* _RECORDS FOR PROCESSING_
──────
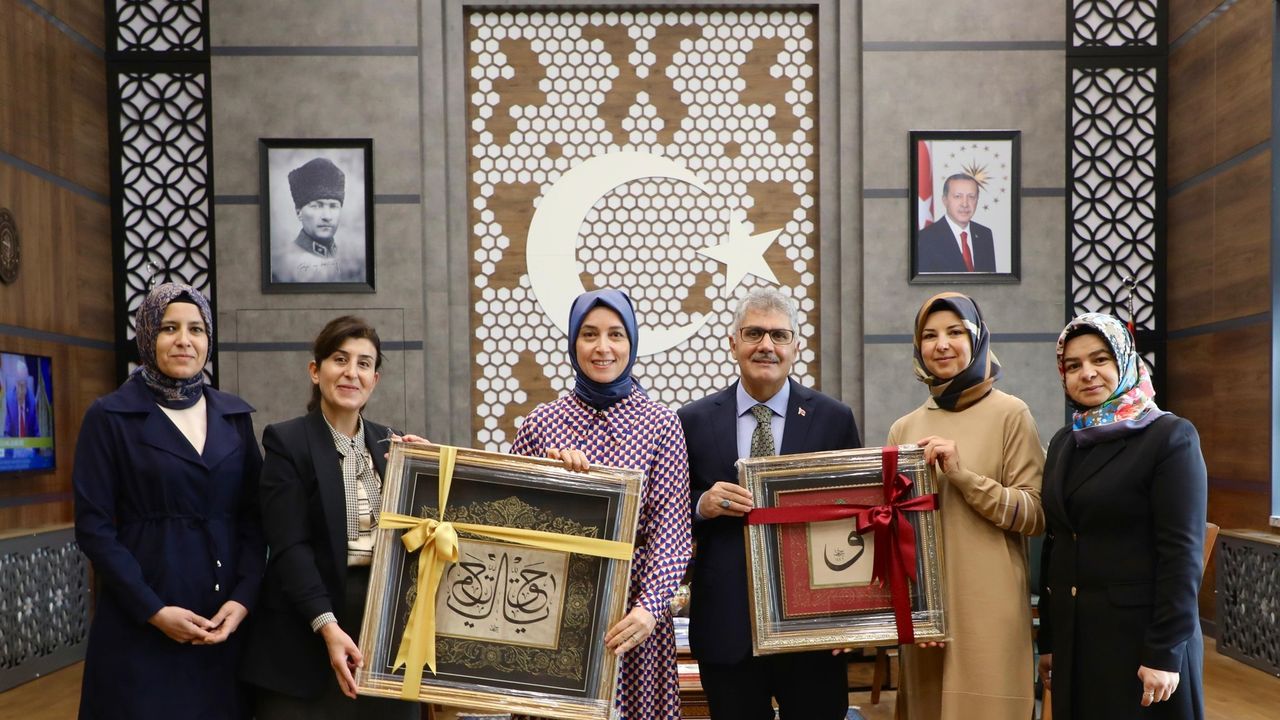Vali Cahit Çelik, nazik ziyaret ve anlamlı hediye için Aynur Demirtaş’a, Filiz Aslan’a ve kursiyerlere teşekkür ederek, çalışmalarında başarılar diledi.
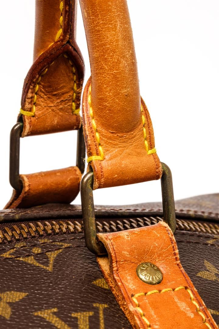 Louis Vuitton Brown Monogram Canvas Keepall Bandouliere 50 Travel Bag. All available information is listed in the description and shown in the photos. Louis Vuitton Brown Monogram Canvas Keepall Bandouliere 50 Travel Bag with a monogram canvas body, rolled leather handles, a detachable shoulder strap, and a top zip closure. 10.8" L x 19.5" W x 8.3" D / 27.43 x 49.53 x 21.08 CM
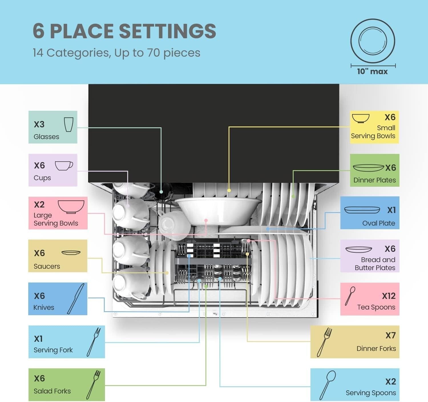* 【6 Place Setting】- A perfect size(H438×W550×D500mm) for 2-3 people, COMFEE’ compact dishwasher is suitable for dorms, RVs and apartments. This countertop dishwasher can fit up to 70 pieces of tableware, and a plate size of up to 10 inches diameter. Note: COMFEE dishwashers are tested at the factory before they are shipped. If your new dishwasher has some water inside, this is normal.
──────
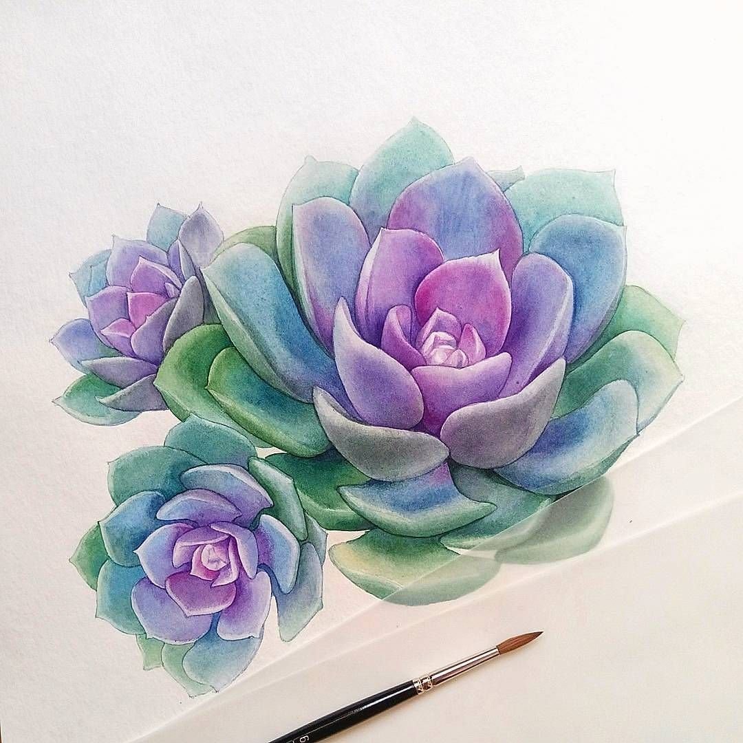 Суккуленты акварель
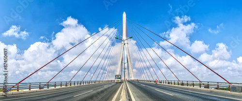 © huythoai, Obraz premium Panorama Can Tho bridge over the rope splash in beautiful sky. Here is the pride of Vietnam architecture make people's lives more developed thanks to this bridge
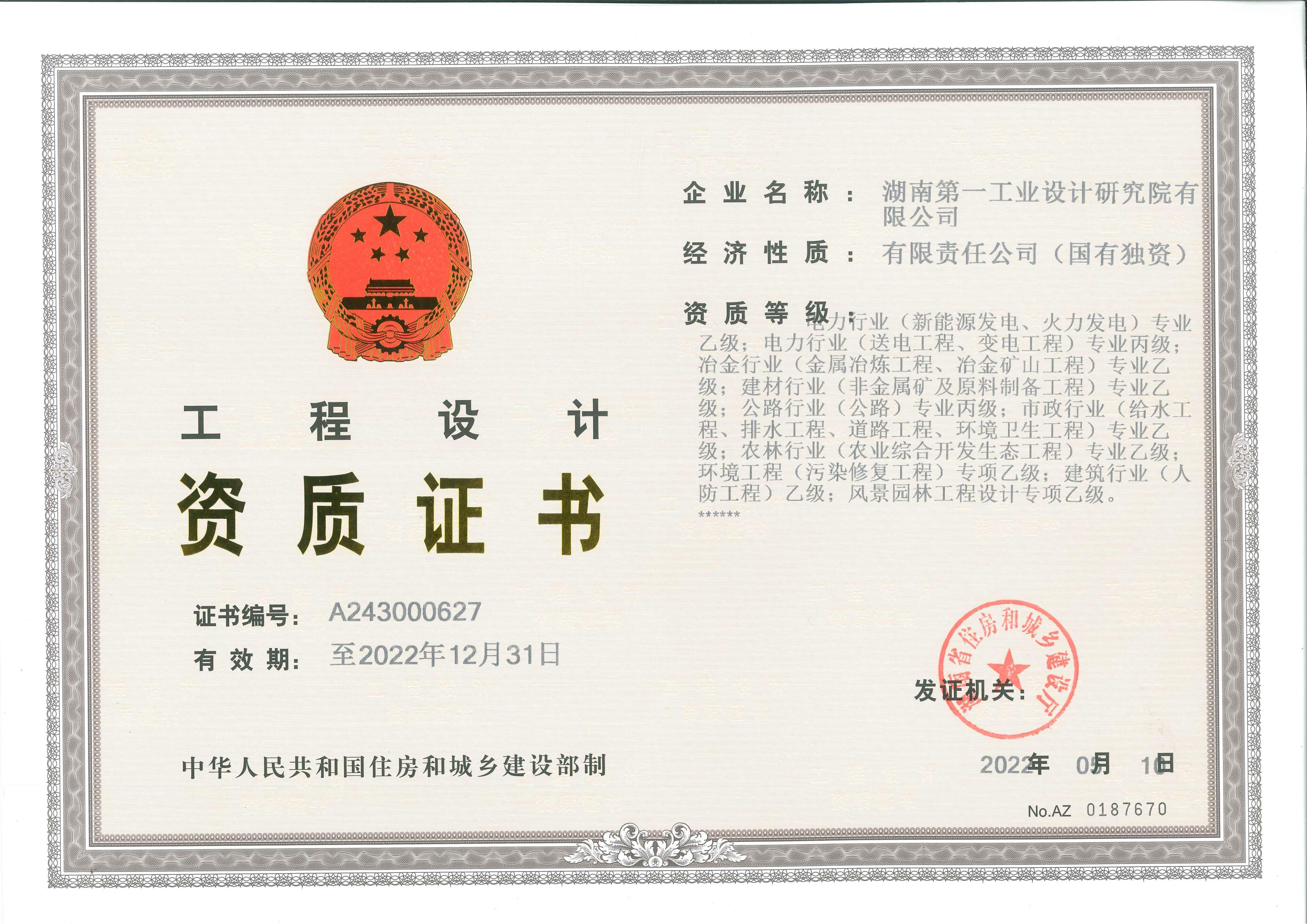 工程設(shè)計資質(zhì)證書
──────
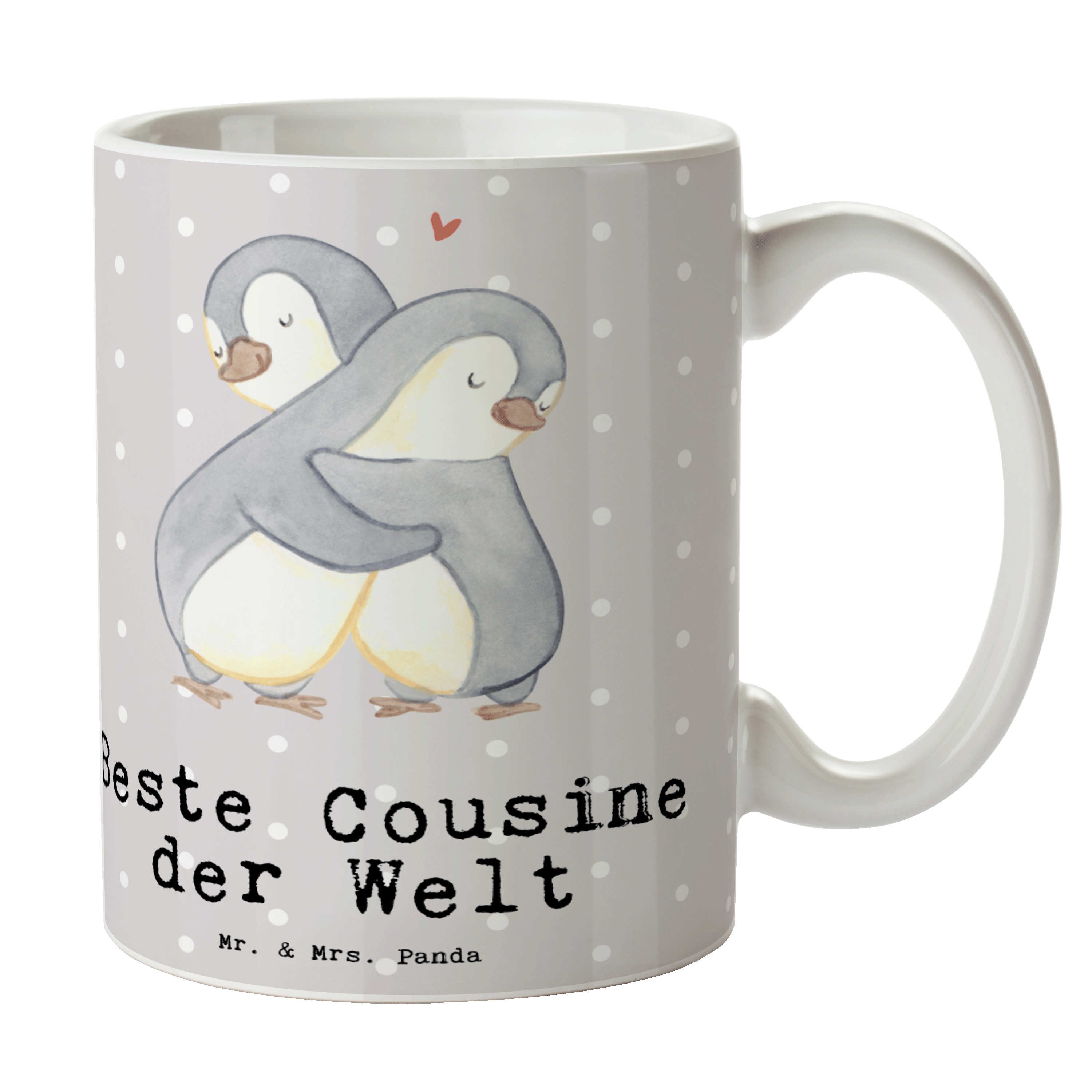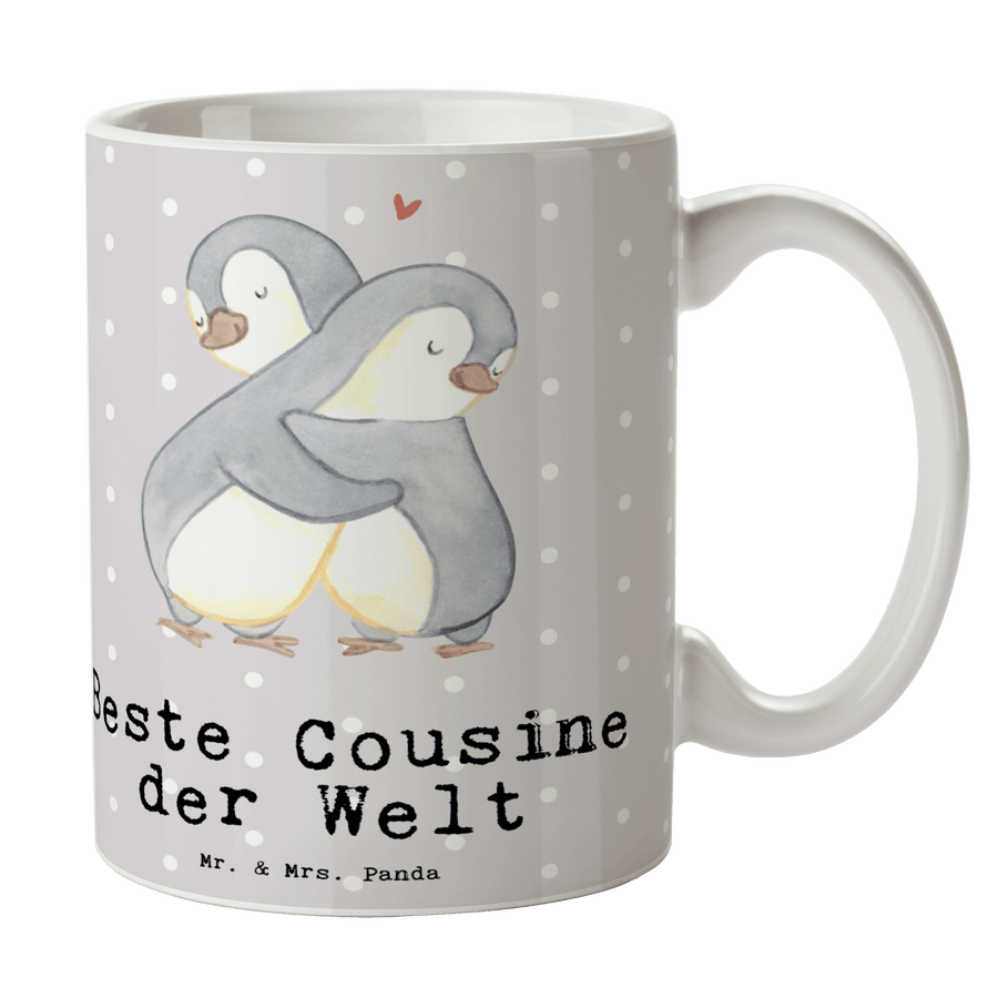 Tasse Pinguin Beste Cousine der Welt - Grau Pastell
──────
* _PROBLEM_
Among the entries above, find the line with "Vali Cahit Çelik, nazik" and repeat exactly from there through the line with "this is normal.", leaving out the pictures.

* _RESPONSE_
Vali Cahit Çelik, nazik ziyaret ve anlamlı hediye için Aynur Demirtaş’a, Filiz Aslan’a ve kursiyerlere teşekkür ederek, çalışmalarında başarılar diledi.
 Louis Vuitton Brown Monogram Canvas Keepall Bandouliere 50 Travel Bag. All available information is listed in the description and shown in the photos. Louis Vuitton Brown Monogram Canvas Keepall Bandouliere 50 Travel Bag with a monogram canvas body, rolled leather handles, a detachable shoulder strap, and a top zip closure. 10.8" L x 19.5" W x 8.3" D / 27.43 x 49.53 x 21.08 CM
* 【6 Place Setting】- A perfect size(H438×W550×D500mm) for 2-3 people, COMFEE’ compact dishwasher is suitable for dorms, RVs and apartments. This countertop dishwasher can fit up to 70 pieces of tableware, and a plate size of up to 10 inches diameter. Note: COMFEE dishwashers are tested at the factory before they are shipped. If your new dishwasher has some water inside, this is normal.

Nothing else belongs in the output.